- [Required action] Below are some records. Retype exactly the lines from the one containing "Saint Peter New Haven, IA" through the one containing "Figure 6.13 – Permeable Paving installation", both included, skipping every picture.

- [Material provided]
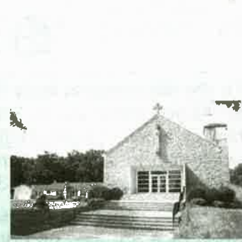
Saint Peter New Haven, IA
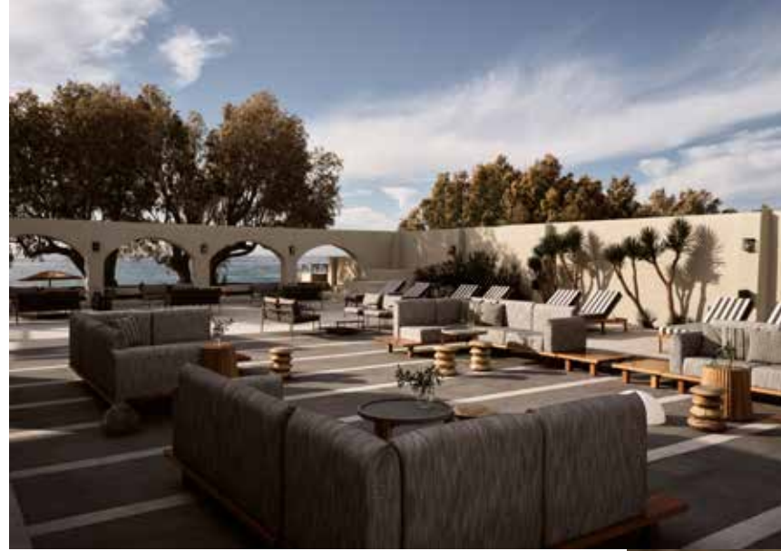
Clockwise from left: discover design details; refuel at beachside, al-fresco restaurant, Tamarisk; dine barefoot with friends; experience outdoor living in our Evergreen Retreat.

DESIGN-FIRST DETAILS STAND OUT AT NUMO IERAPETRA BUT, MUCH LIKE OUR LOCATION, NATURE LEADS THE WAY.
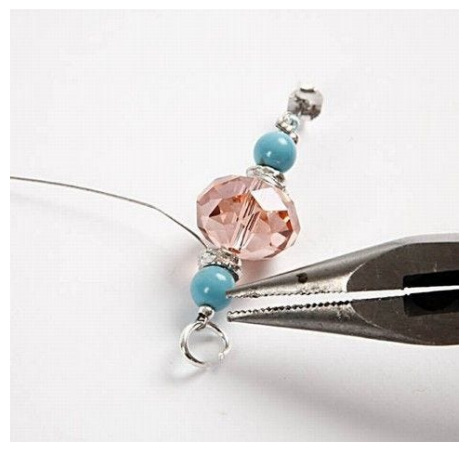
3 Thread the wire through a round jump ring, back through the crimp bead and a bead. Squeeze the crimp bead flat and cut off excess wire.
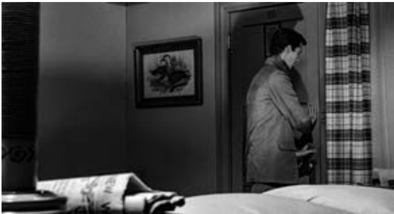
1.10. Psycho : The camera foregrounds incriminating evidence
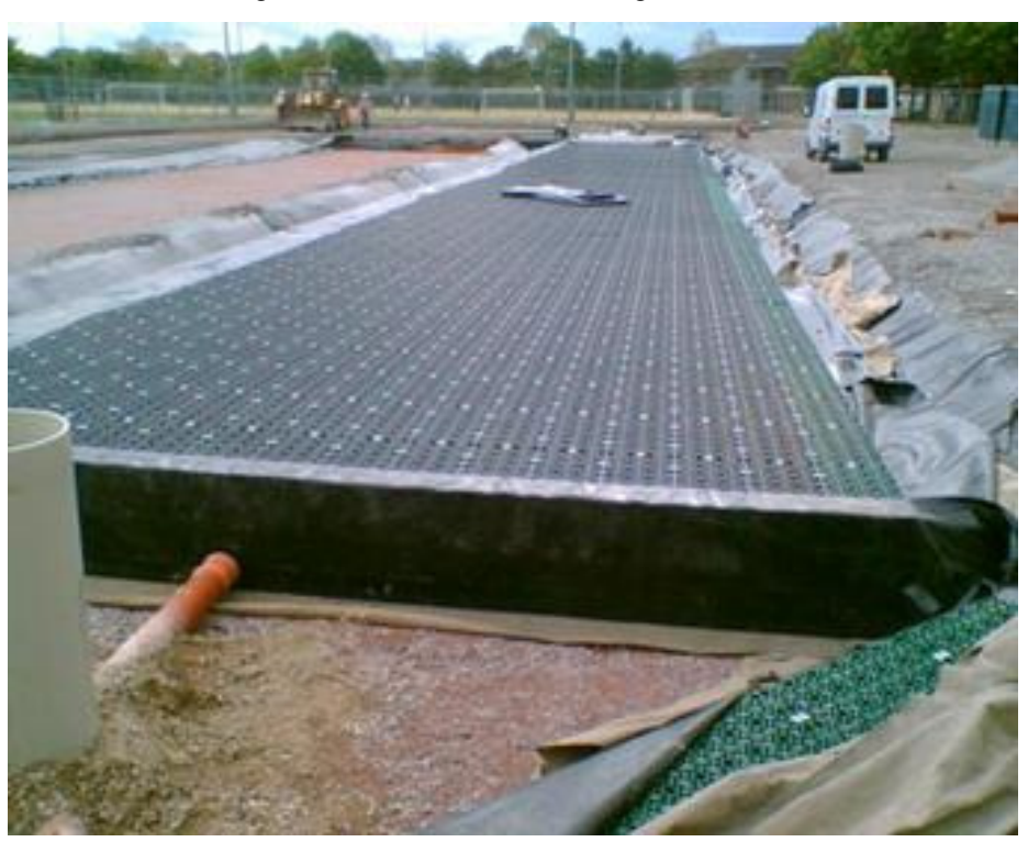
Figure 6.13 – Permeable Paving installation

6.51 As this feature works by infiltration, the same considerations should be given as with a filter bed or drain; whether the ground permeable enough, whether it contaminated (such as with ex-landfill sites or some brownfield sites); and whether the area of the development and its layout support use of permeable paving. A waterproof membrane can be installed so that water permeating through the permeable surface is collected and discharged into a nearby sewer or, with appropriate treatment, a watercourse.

---

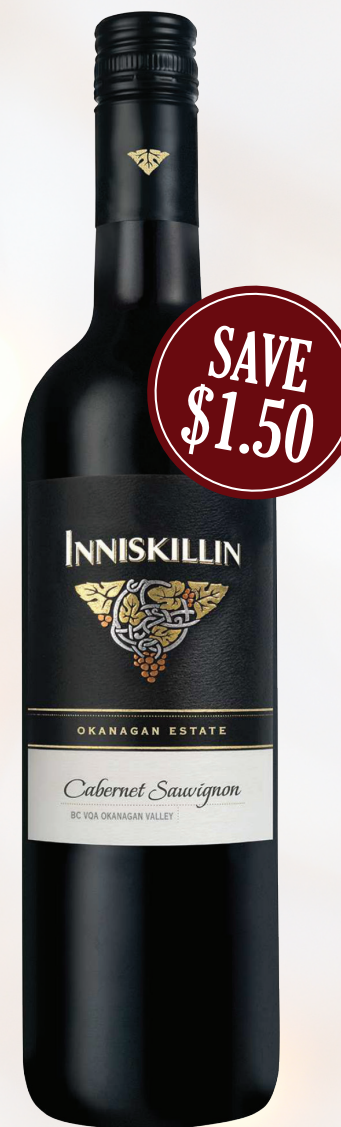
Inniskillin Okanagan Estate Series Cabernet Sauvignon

* * *

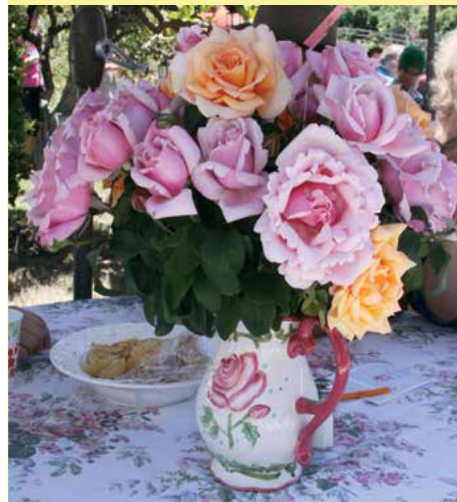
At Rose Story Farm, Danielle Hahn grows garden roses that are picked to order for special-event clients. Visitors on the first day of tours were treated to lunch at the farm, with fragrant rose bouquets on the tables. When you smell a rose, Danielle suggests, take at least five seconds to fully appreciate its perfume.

- [Solution to the problem]
Saint Peter New Haven, IA
Clockwise from left: discover design details; refuel at beachside, al-fresco restaurant, Tamarisk; dine barefoot with friends; experience outdoor living in our Evergreen Retreat.

DESIGN-FIRST DETAILS STAND OUT AT NUMO IERAPETRA BUT, MUCH LIKE OUR LOCATION, NATURE LEADS THE WAY.
3 Thread the wire through a round jump ring, back through the crimp bead and a bead. Squeeze the crimp bead flat and cut off excess wire.
1.10. Psycho : The camera foregrounds incriminating evidence
Figure 6.13 – Permeable Paving installation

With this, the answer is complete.